:: Available records ::

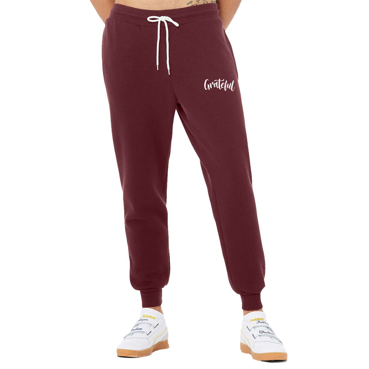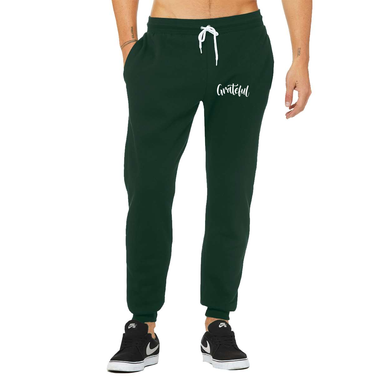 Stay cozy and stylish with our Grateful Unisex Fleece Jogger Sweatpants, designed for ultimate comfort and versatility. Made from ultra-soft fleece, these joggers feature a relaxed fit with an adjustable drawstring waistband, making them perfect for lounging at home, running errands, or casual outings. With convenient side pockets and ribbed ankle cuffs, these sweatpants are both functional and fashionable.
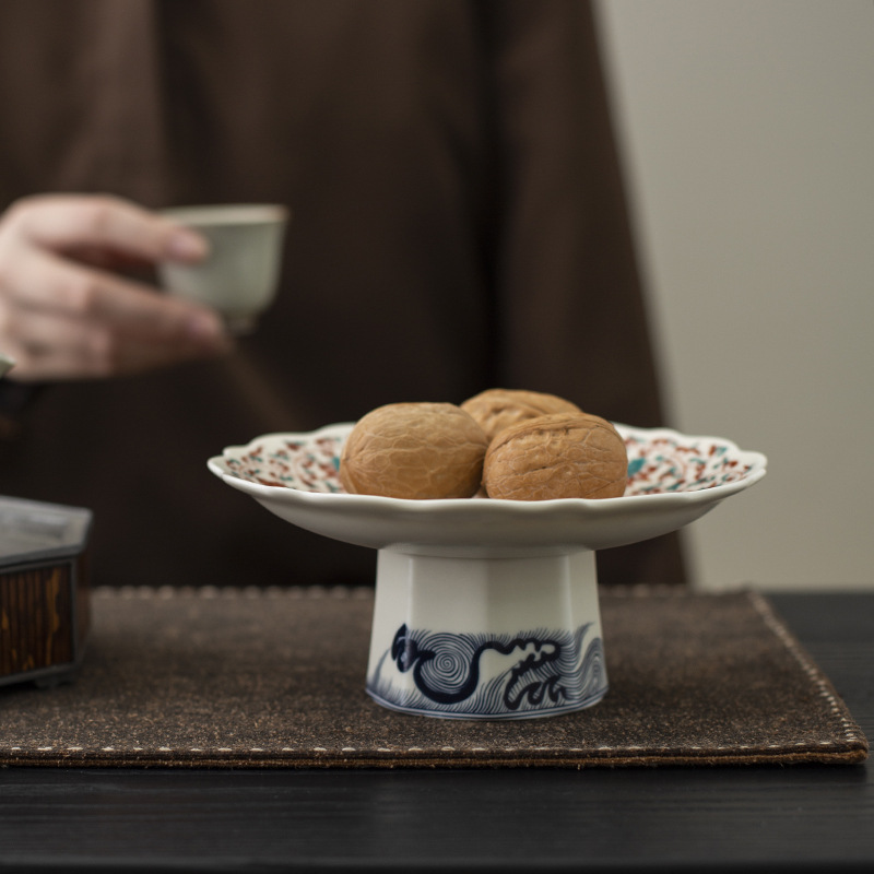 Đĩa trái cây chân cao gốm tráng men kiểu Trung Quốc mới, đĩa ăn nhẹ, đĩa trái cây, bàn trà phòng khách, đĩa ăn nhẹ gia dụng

:::
:: Available records ::

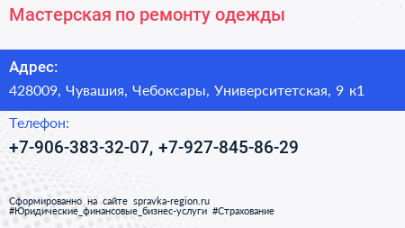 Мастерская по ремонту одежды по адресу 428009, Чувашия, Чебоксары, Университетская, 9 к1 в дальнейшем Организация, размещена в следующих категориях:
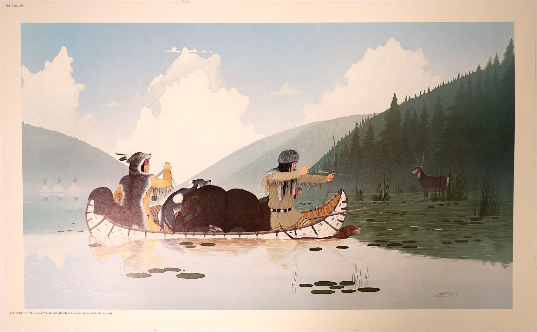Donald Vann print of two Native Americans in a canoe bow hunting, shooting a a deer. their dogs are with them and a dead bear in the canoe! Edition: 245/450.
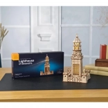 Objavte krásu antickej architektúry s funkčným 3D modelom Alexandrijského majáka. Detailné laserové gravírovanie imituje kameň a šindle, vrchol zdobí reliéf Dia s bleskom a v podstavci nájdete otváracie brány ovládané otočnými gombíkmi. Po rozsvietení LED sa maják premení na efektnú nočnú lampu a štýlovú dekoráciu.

:::

» **The task**
Your copy should hold the lines from the one with "Мастерская по ремонту" up to and including the one with "Donald Vann print", exactly as in the data above, and no pictures.

» **Solution for this problem**
 Мастерская по ремонту одежды по адресу 428009, Чувашия, Чебоксары, Университетская, 9 к1 в дальнейшем Организация, размещена в следующих категориях:
Donald Vann print of two Native Americans in a canoe bow hunting, shooting a a deer. their dogs are with them and a dead bear in the canoe! Edition: 245/450.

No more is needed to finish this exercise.